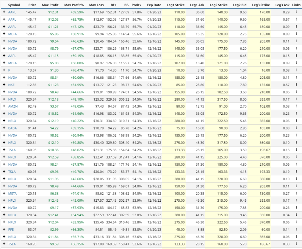 The screener shows some interesting long call butterfly trades on popular stocks such as AAPL, META, F, NVDA, NFLX and TSLA.
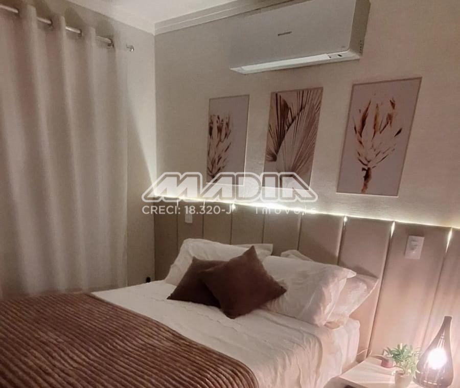 São dois dormitórios, sendo uma suíte completa de armários planejados, sendo suóte principal e dormitório solteiro, com ar condicionado, garantindo conforto térmico. O acabamento em porcelanato está presente em todo o imóvel, reforçando o alto padrão. Permanecem na casa todos os ventiladores de teto.
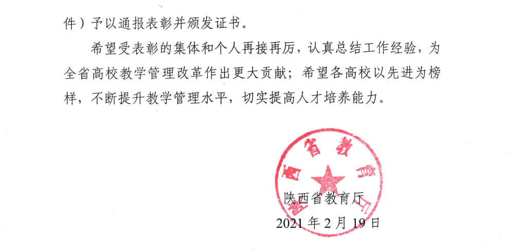 近日,陕西省教育厅发布了《关于表彰 2020年陕西高等学校教学管理工作先进集体和先进个人的通报》(陕教[2021]22号)文件,我们王树奇副教授获得“2020年度陕西高等学校教学管理先进个人”荣誉称号。
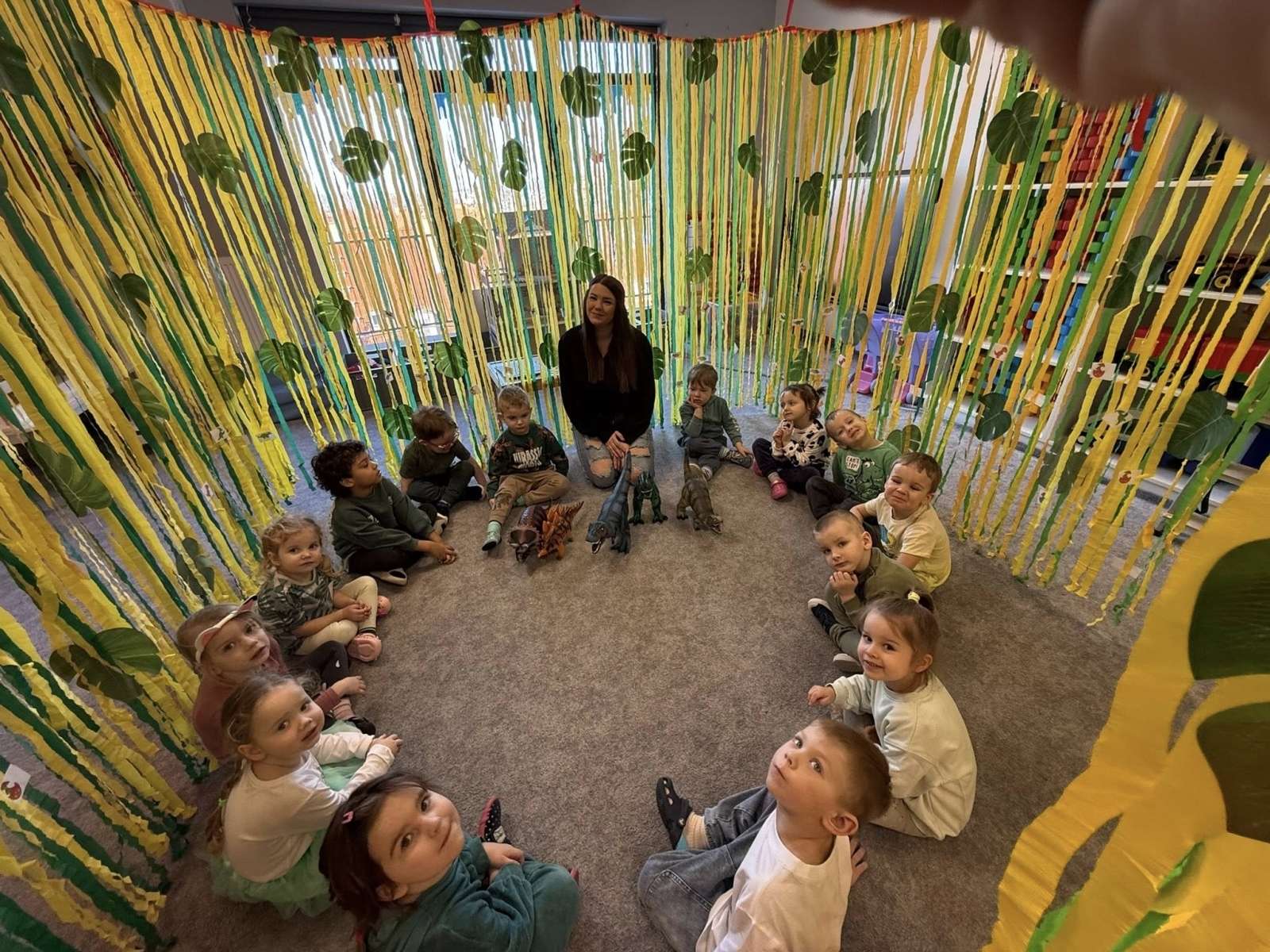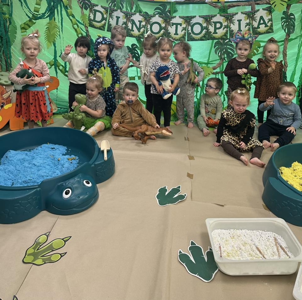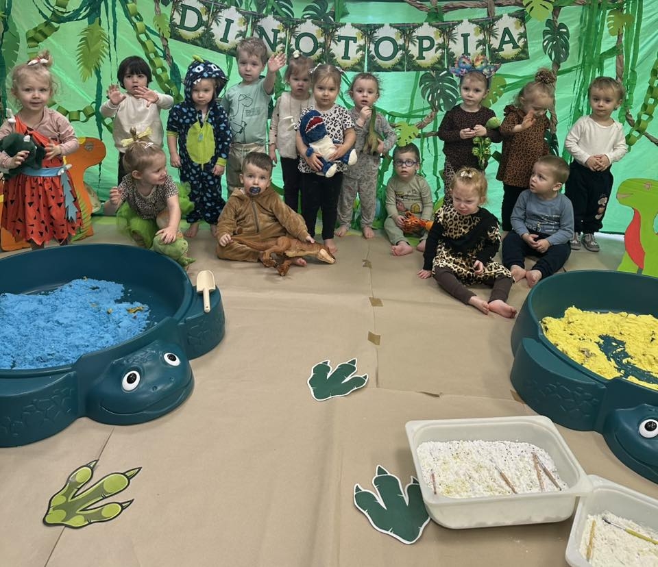 W Żłobku, Przedszkolu i Zerówce Mały Europejczyk w Elblągu wierzymy, że najlepszym nauczycielem jest dziecięca ciekawość. Dlatego zamiast tradycyjnych lekcji, przygotowaliśmy dla naszych podopiecznych prawdziwy Jurassic Park. Od żłobka aż po zerówkę – każdy metr kwadratowy naszej placówki tętnił energią ery mezozoicznej, a sale wypełniły się odgłosami radosnego odkrywania tajemnic przeszłości.
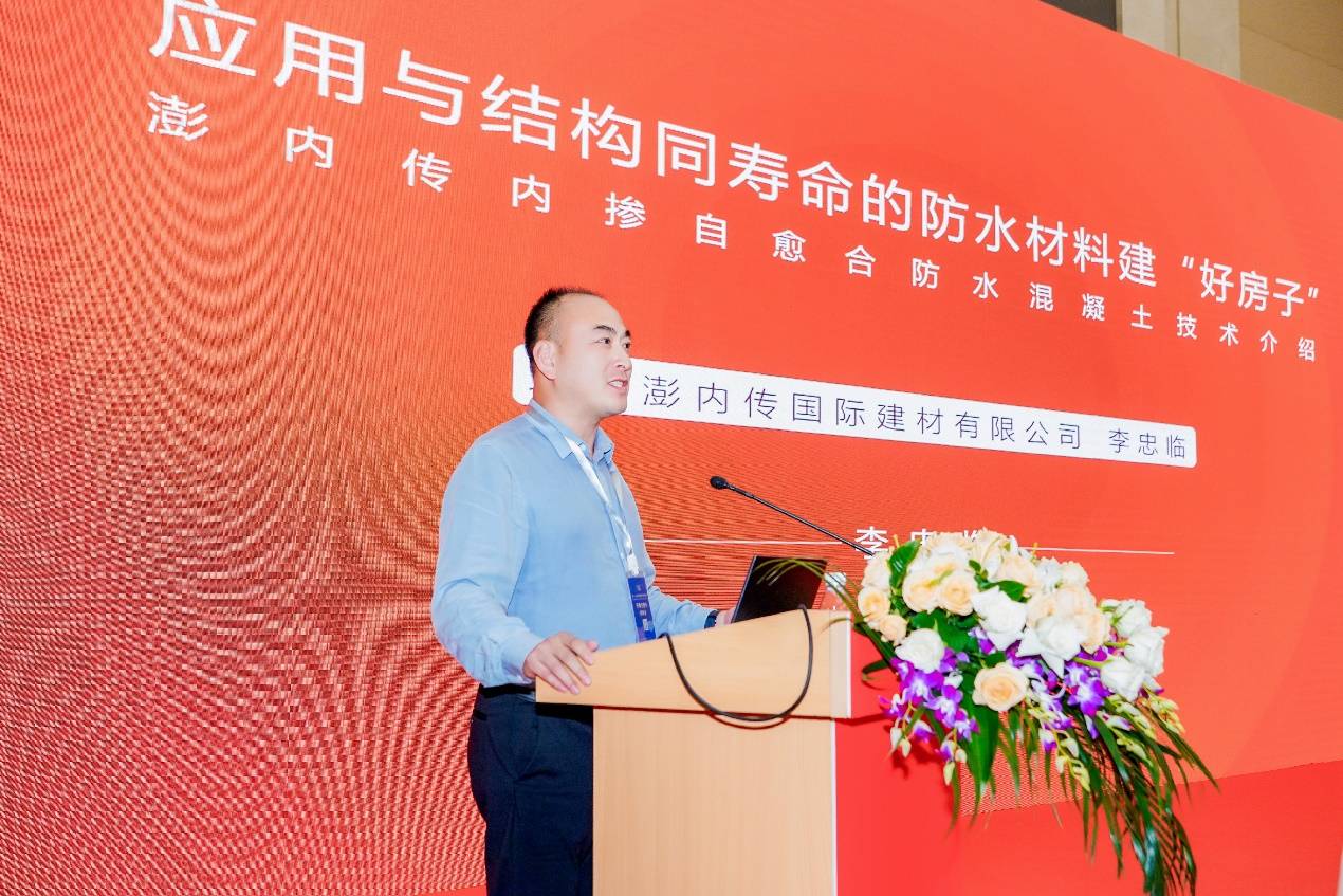 北京澎內(nèi)傳國(guó)際建材有限公司市場(chǎng)總監(jiān)李忠臨以《與結(jié)構(gòu)同壽命防水材料助力建造“好房子”》為題作了專題報(bào)告,首先總結(jié)分析了當(dāng)前建筑物滲漏的主要原因,然后介紹了澎內(nèi)傳防水系統(tǒng)的機(jī)理、性能與技術(shù)特點(diǎn),可從根本上解決滲漏問題,最后與大家分享了澎內(nèi)傳結(jié)晶自愈合防水混凝土在工程中的應(yīng)用情況。

Problem to solve => Repeat the records word for word, skipping pictures.

Result for this exercise =>
 The screener shows some interesting long call butterfly trades on popular stocks such as AAPL, META, F, NVDA, NFLX and TSLA.
 São dois dormitórios, sendo uma suíte completa de armários planejados, sendo suóte principal e dormitório solteiro, com ar condicionado, garantindo conforto térmico. O acabamento em porcelanato está presente em todo o imóvel, reforçando o alto padrão. Permanecem na casa todos os ventiladores de teto.
 近日,陕西省教育厅发布了《关于表彰 2020年陕西高等学校教学管理工作先进集体和先进个人的通报》(陕教[2021]22号)文件,我们王树奇副教授获得“2020年度陕西高等学校教学管理先进个人”荣誉称号。
 W Żłobku, Przedszkolu i Zerówce Mały Europejczyk w Elblągu wierzymy, że najlepszym nauczycielem jest dziecięca ciekawość. Dlatego zamiast tradycyjnych lekcji, przygotowaliśmy dla naszych podopiecznych prawdziwy Jurassic Park. Od żłobka aż po zerówkę – każdy metr kwadratowy naszej placówki tętnił energią ery mezozoicznej, a sale wypełniły się odgłosami radosnego odkrywania tajemnic przeszłości.
 北京澎內(nèi)傳國(guó)際建材有限公司市場(chǎng)總監(jiān)李忠臨以《與結(jié)構(gòu)同壽命防水材料助力建造“好房子”》為題作了專題報(bào)告,首先總結(jié)分析了當(dāng)前建筑物滲漏的主要原因,然后介紹了澎內(nèi)傳防水系統(tǒng)的機(jī)理、性能與技術(shù)特點(diǎn),可從根本上解決滲漏問題,最后與大家分享了澎內(nèi)傳結(jié)晶自愈合防水混凝土在工程中的應(yīng)用情況。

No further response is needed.